*Task details*. Your reply should set down word for word each line below from the one with "Crema Para Manos" through the final line, both included, but none of the pictures.

*Material provided*.
■ ■ ■ ■ ■
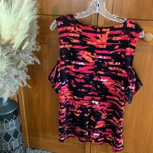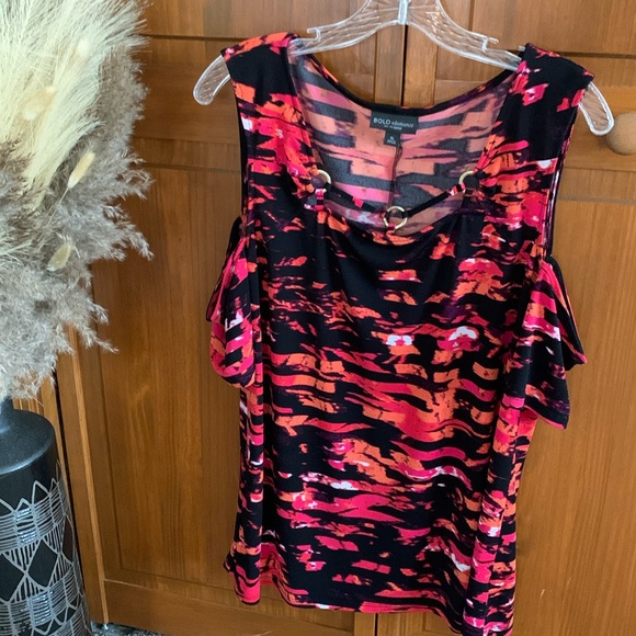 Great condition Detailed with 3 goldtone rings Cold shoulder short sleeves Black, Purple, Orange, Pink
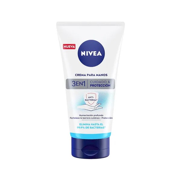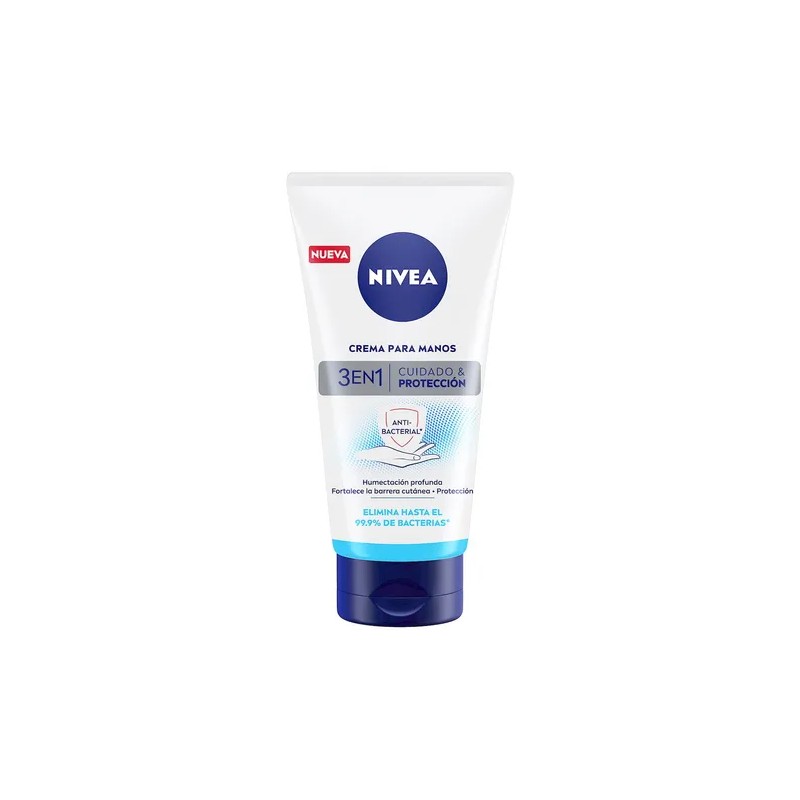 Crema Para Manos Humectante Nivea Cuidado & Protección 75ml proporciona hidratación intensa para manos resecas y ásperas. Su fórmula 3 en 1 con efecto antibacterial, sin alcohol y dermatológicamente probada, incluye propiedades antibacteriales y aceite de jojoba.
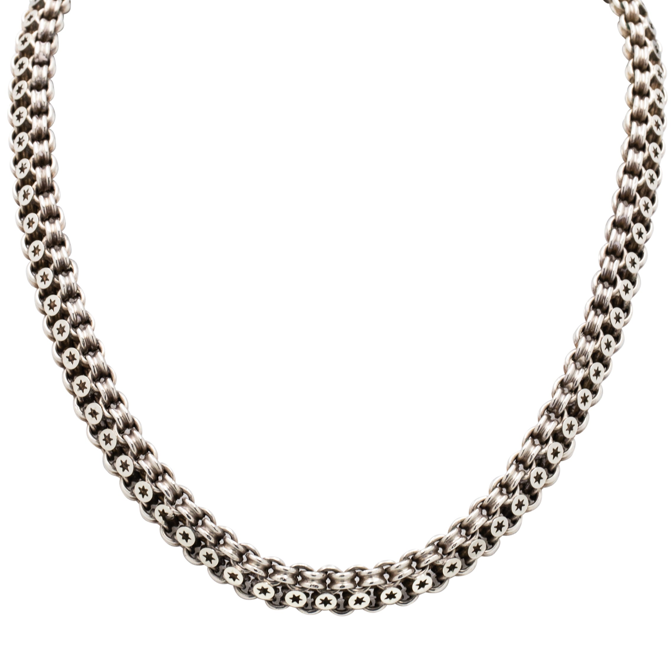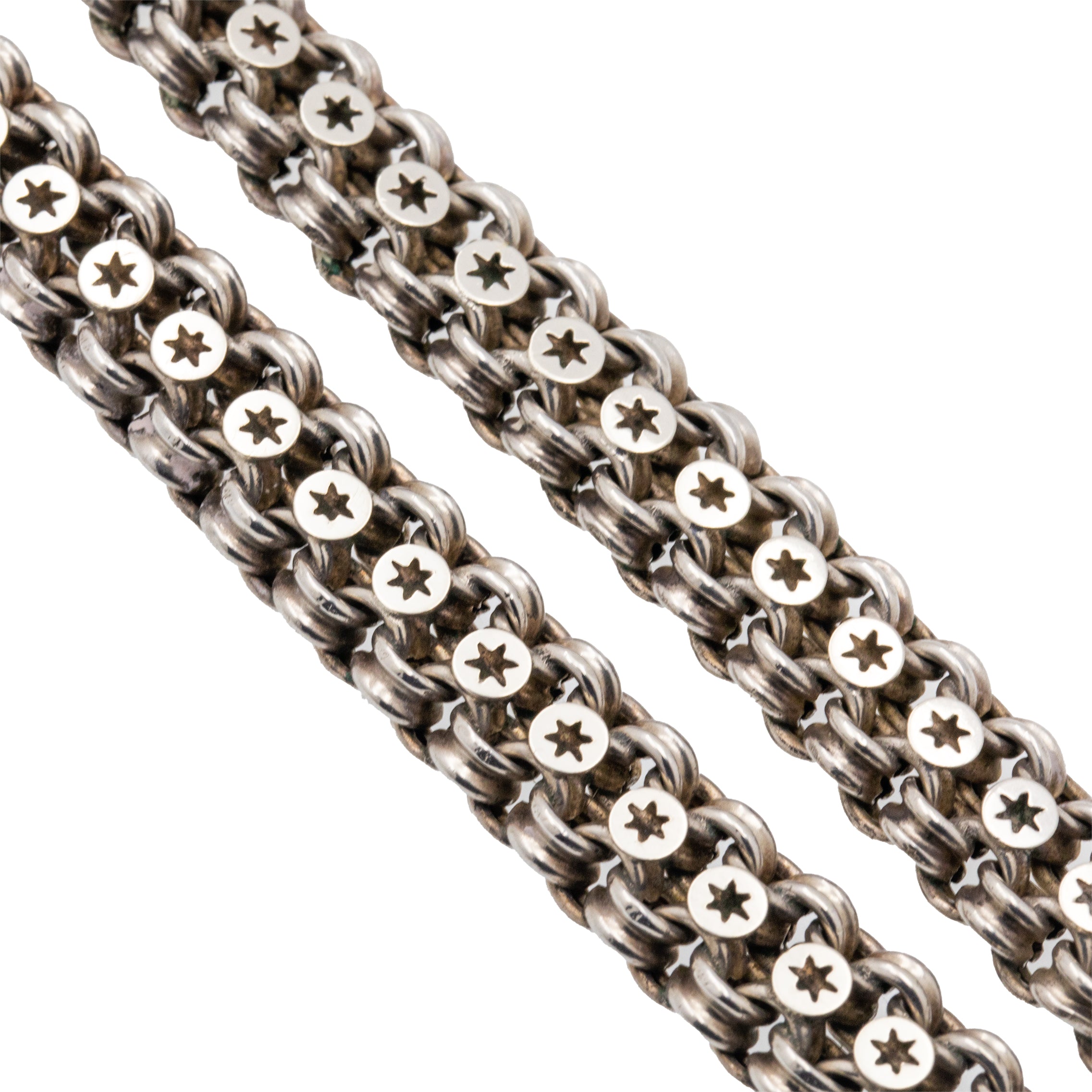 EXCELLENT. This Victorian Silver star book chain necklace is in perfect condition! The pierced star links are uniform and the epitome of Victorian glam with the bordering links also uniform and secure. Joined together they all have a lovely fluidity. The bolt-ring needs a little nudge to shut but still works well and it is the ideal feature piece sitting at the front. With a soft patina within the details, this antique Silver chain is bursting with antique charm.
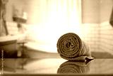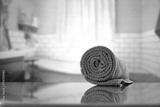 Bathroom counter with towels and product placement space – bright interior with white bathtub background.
■ ■ ■ ■ ■
*Solution for this exercise*.
 Crema Para Manos Humectante Nivea Cuidado & Protección 75ml proporciona hidratación intensa para manos resecas y ásperas. Su fórmula 3 en 1 con efecto antibacterial, sin alcohol y dermatológicamente probada, incluye propiedades antibacteriales y aceite de jojoba.
 EXCELLENT. This Victorian Silver star book chain necklace is in perfect condition! The pierced star links are uniform and the epitome of Victorian glam with the bordering links also uniform and secure. Joined together they all have a lovely fluidity. The bolt-ring needs a little nudge to shut but still works well and it is the ideal feature piece sitting at the front. With a soft patina within the details, this antique Silver chain is bursting with antique charm.
 Bathroom counter with towels and product placement space – bright interior with white bathtub background.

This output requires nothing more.